• _Source material_:
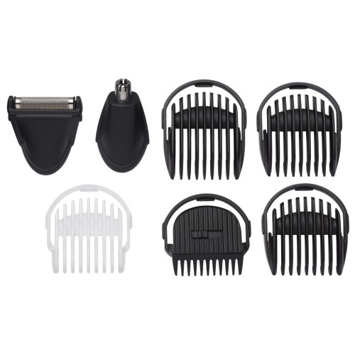 інструкція; тример; насадка для носа та вух; комплект насадок для стриження 5 шт.; олива для змащування
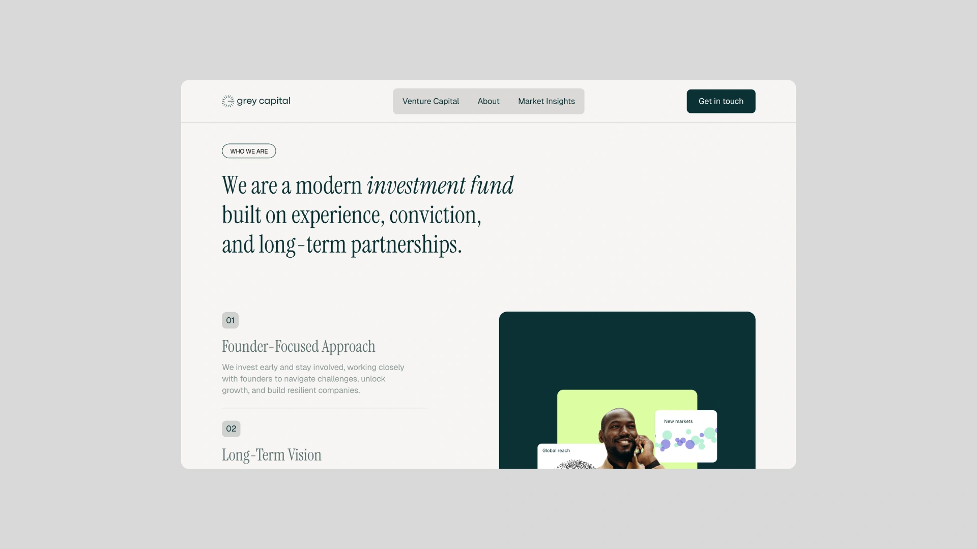 Grey Capital needed a digital presence that matched its ambition. The previous website, while functional, blended into the sea of sterile finance sites.
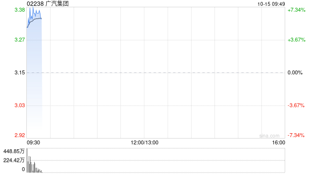 广汽集团涨超6% 联合京东、宁德时代推新车 将于11月9日发布

• _Task_:
Your output should be only the lines from the line with "Grey Capital needed" through the end of the data, exactly as they stand, and no pictures.

• _Result_:
 Grey Capital needed a digital presence that matched its ambition. The previous website, while functional, blended into the sea of sterile finance sites.
 广汽集团涨超6% 联合京东、宁德时代推新车 将于11月9日发布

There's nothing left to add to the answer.